Il Jazz a Lucca e il Festival Anfiteatro Jazz
Dalla Prefazione al libro di Rudy Rabassini, Piccola storia del jazz a Lucca, Maria Pacini Fazzi, Lucca 2007.Testimonianza di una Storia maggiore
Rudy Rabassini si firma “un Geometra e la sua Famiglia con la passione della musica”, una modestia che gli fa onore, in mezzo a tanti megalomani arroganti, un profilo basso che Rabassini tiene per tutto il suo scritto, che non è affatto uno scritto “modesto” ma ricco di testimonianze, una fotografia del jazz ch’è passato dal glorioso Hot Club lucchese, dal 1947 a oggi. Siccome nel 1947 i Jazz Club, in tutta Italia, erano pochissimi e quasi tutti in grandi Città (Milano, Roma, Genova e poche altre) quella del jazz a Lucca non è affatto una “piccola storia” – come dice il titolo voluto con umiltà da Rabassini – ma è Storia maggiore non solo ovviamente per Lucca e la Toscana ma per l’Italia e perfino per l’ambito internazionale.
Vi è in questo racconto di Rabassini una straordinaria capacità di suscitare emozioni e la semplicità con cui si pone deriva, oltre ché dall’eleganza e dalla riservatezza dell’uomo, dal fatto che non si sente un “musicologo” ma un “ragioniere”, scontrandosi con l’algido atteggiamento della musicologia accademica che vede l’emotività e le commozioni come apparenze vaporose e incerte, da tenere fuori dalla rigorosa analisi tecnico-formale, come se l’opera d’arte fosse un mero prodotto di equilibri formali e di accorgimenti tecnici, senza vita, ma la razionalità dell’analisi non può solamente sezionare il lavoro in questione, in un rigor mortis accademico che ne fa perdere la ragion d’essere, il perché è nato e il suo contesto sociale e culturale. D’altra parte un’opera d’arte è tale per il suo quid espressivo assolutamente originale non certo per i procedimenti strettamente tecnici, la tecnica è condizione necessaria ma non sufficiente a creare l’opera d’arte, la quale deve vibrare di vita vissuta, provocare eccitazioni e batticuori, da questa angolatura la Storia che ci racconta Rabassini è davvero eccezionale. Come scrive Vittorio Barsotti, “Rudy, raccontando di se e di suo padre, appassionato di jazz, ha fatto la storia del suo tempo giovanile ed insieme quella di altri giovani come lui che vivevano nella loro città di allora”.
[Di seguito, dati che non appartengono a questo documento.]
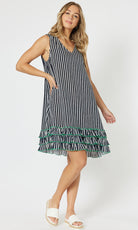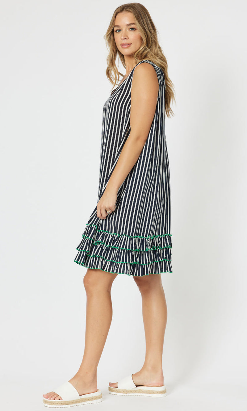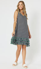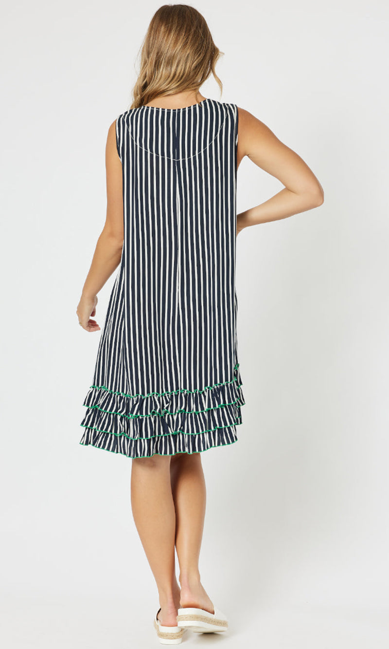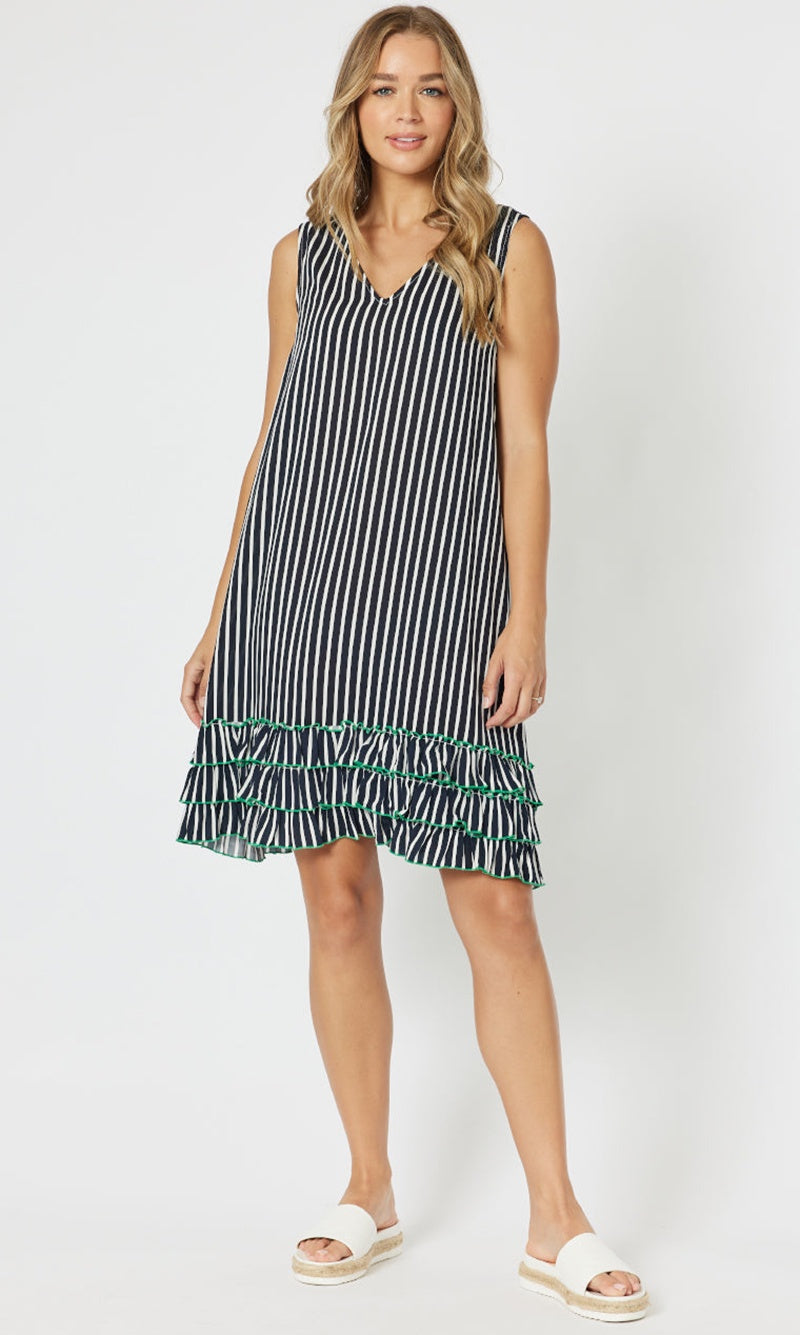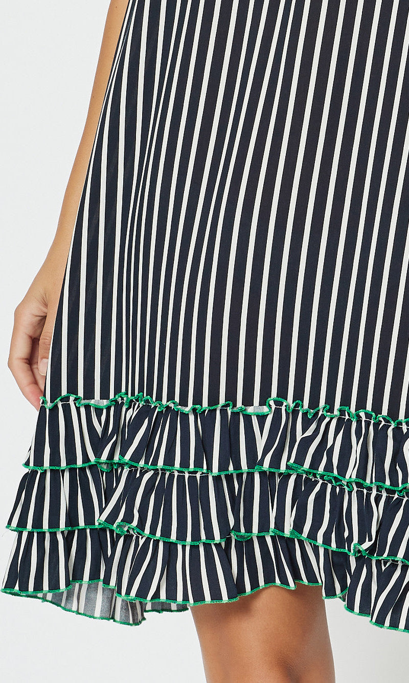 Viscose Stripe Frill Hem Dress

Che l’(auto)biografia sia una delle chiavi di lettura del fenomeno artistico non è solo una prospettiva romantica, ma è angolatura decisiva per leggere il contesto e il testo, come dimostrano le pagine che seguono, come questa: “fin da piccolo mi ricordo bene che mio padre mi conduceva nel Cortile degli Svizzeri, dove venivano eseguiti i concerti /…/ nella mia piccola mente, dopo l’ascolto del brano, mi rimaneva impresso il sound degli ottoni e cedo che questa sensazione mi abbia, in seguito, condizionato a preferire in generale ed in alcuni momenti l’ascolto di una big-band”, in poche righe non c’è solo il ricordo del padre, ma l’informazione sui concerti nel Cortile degli Svizzeri, il sound degli ottoni che ci dice che i concerti erano prevalentemente bandistici e che ci spiega alcune preferenze del Rabassini amante del jazz.
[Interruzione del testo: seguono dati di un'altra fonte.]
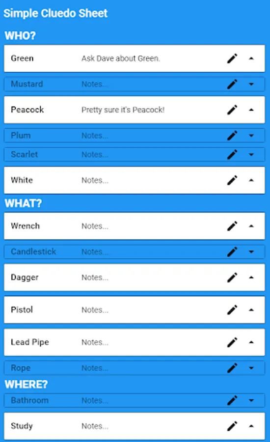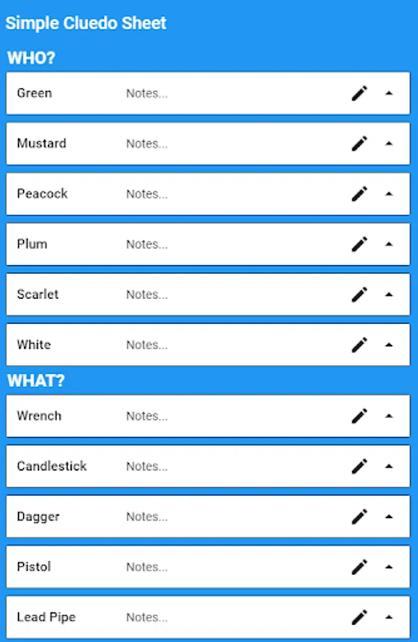 You can rename weapons, rooms and suspects to match your region version of Clue. Simply click the text you wish to change.

Meglio della musica colta, il jazz ha saputo tematizzare il tema della comunicazione. Chi frequenta, anche sporadicamente, l’ambiente jazzistico sa bene quanta capacità di coinvolgimento questa musica possiede, tanto da prestarsi, con nonchalance, a esibirsi in ogni tipo di locale, cosa che se fatta con sciatteria può risultare negativa ma se svolta, come accade quasi sempre, con impegno e voglia di far festa, è cosa meravigliosa che appartiene solo al jazz. Le note del jazz sono festose ma possono essere anche drammatiche, come quelle del grande jazz del dopoguerra nato, più o meno esplicitamente, con le stigmate della sofferenza e della ribellione contro l'arte ridotta a merce. Gli anni Sessanta e Settanta sono stati poi gli anni del pensiero critico e del jazz sperimentale; le pratiche delle Avanguardie hanno però descritto questa situazione con un atteggiamento sacrificale del linguaggio, mimando con un fare artistico e nevrotico la nevrosi dell'uomo moderno: è una risposta coerente e di grande forza morale che merita rispetto, ma se lo scopo non è solo quello della denunzia, ma anche quello della risposta, allora le ricerche delle Avanguardie hanno offerto responsi negativi oppure astratti e settoriali, in quanto difficilmente comprensibili perfino dagli specialisti. L'artista deve essere, in qualche modo, anche un educatore e il suo atto deve essere un atto responsabile di fronte agli uomini e non solo agli addetti ai lavori. Il Postmodern ha quasi rovesciato la severità del free jazz insistendo, anche troppo, sulla piacevolezza e sul business. Al di là dei mega festival mangiasoldi che puntano all'"evento", di un effimero che “fa immagine” come si dice oggi, occorre elaborare progetti di ampia gettata (indubbiamente l'AMJ dovrebbe essere più incisiva). Può darsi che la dimensione della piccola realtà come Lucca abbia giovato a temperare prima gli eccessi avanguardistici poi quelli troppo gradevoli e commerciali. L’intelligenza e la sensibilità di coloro che hanno creato il Circolo del jazz hanno saputo mediare fra proposte diverse, eliminando le punte estreme; sicuramente la cultura umanistica della città ha influito fortemente e positivamente nel mantenere un equilibrio che la storia raccontata da Rabassini testimonia, con grande passione, serietà e sobrietà.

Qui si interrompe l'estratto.